**DIRECTIONS FOR THIS TASK:**
The answer must consist solely of the lines from the opening line of the entries through the line with "Сердце из 51 розы в шляпной коробке", transcribed exactly and without any pictures.

ENTRIES SUPPLIED section start

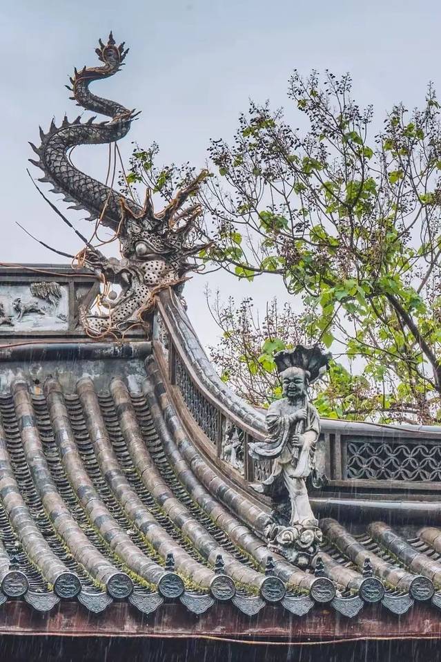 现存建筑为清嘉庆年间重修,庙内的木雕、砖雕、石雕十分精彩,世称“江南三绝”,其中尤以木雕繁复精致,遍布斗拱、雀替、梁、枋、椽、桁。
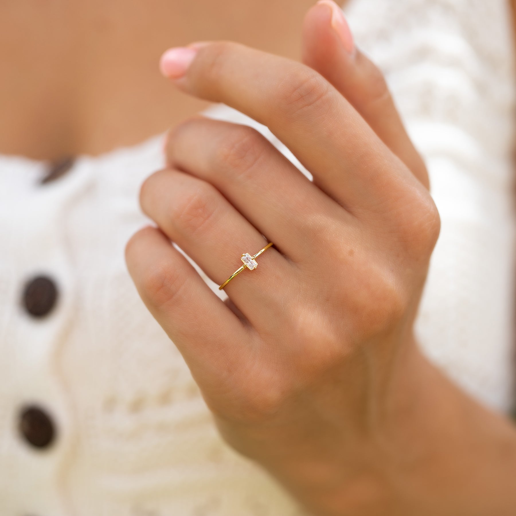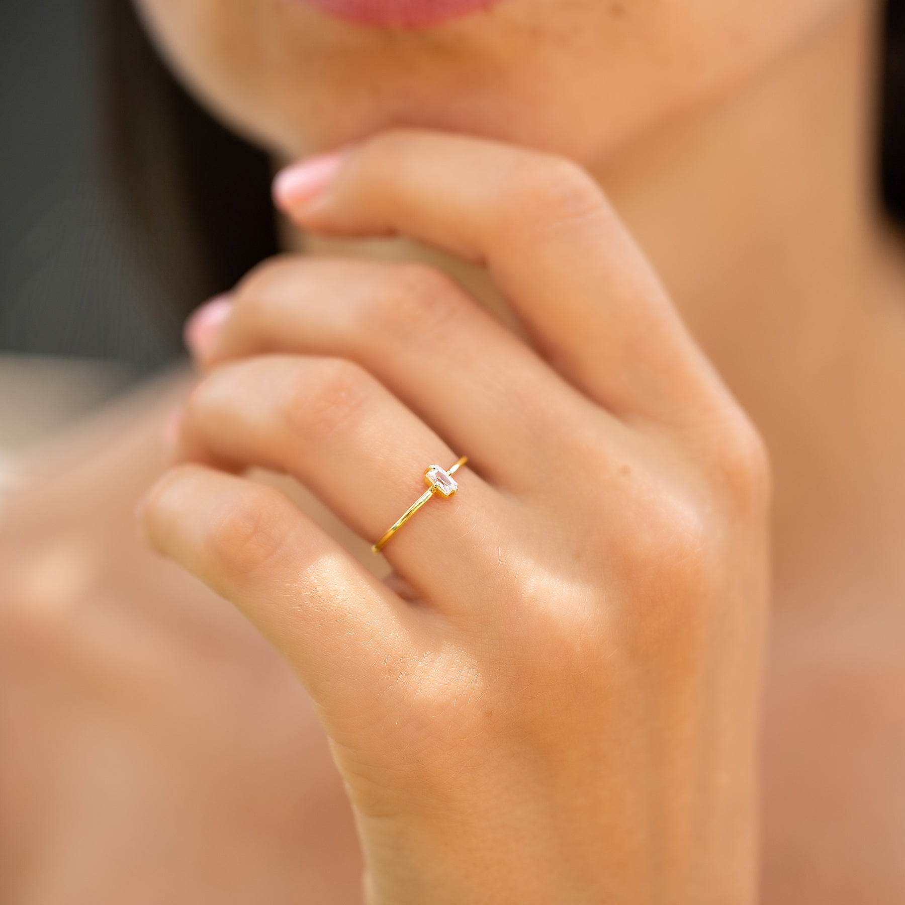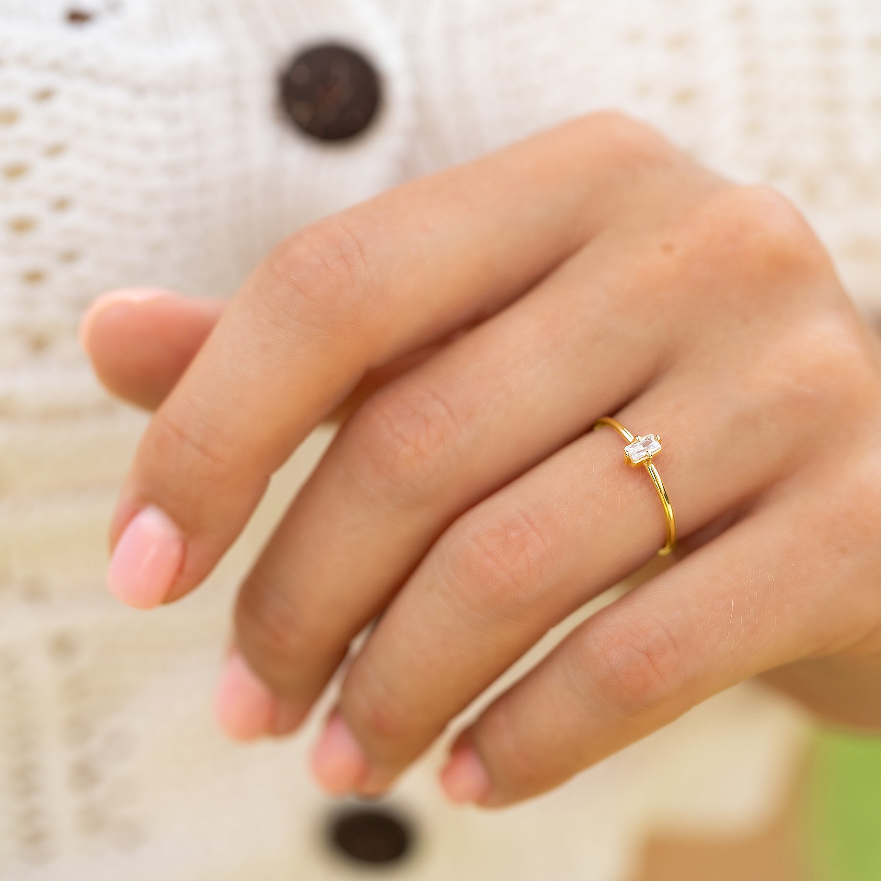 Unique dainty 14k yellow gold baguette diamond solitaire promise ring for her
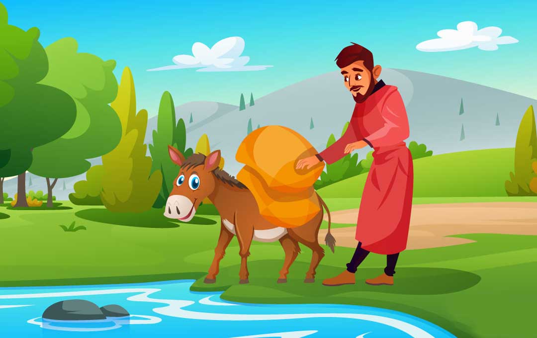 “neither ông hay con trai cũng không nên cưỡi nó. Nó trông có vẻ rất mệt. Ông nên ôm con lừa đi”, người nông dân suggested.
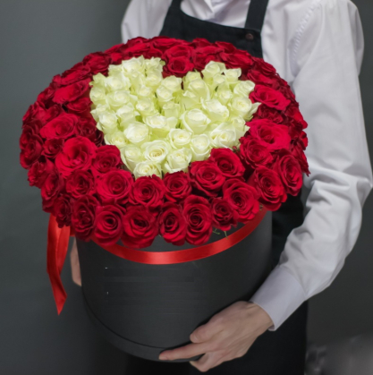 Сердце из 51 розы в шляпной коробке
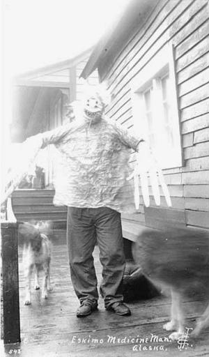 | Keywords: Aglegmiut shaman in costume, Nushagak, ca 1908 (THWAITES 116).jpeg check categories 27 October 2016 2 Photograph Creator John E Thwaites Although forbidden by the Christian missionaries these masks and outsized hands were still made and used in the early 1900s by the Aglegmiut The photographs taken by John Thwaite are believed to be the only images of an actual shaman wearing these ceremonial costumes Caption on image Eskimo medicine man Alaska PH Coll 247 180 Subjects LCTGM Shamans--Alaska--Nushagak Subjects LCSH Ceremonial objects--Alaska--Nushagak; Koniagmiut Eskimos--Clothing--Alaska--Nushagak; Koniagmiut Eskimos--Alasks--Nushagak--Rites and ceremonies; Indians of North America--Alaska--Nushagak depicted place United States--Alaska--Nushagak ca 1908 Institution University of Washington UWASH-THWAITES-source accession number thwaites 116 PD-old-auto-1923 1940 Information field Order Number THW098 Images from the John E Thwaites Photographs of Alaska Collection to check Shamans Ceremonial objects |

ENTRIES SUPPLIED section end

**RESPONSE TO THE TASK:**
 现存建筑为清嘉庆年间重修,庙内的木雕、砖雕、石雕十分精彩,世称“江南三绝”,其中尤以木雕繁复精致,遍布斗拱、雀替、梁、枋、椽、桁。
 Unique dainty 14k yellow gold baguette diamond solitaire promise ring for her
 “neither ông hay con trai cũng không nên cưỡi nó. Nó trông có vẻ rất mệt. Ông nên ôm con lừa đi”, người nông dân suggested.
 Сердце из 51 розы в шляпной коробке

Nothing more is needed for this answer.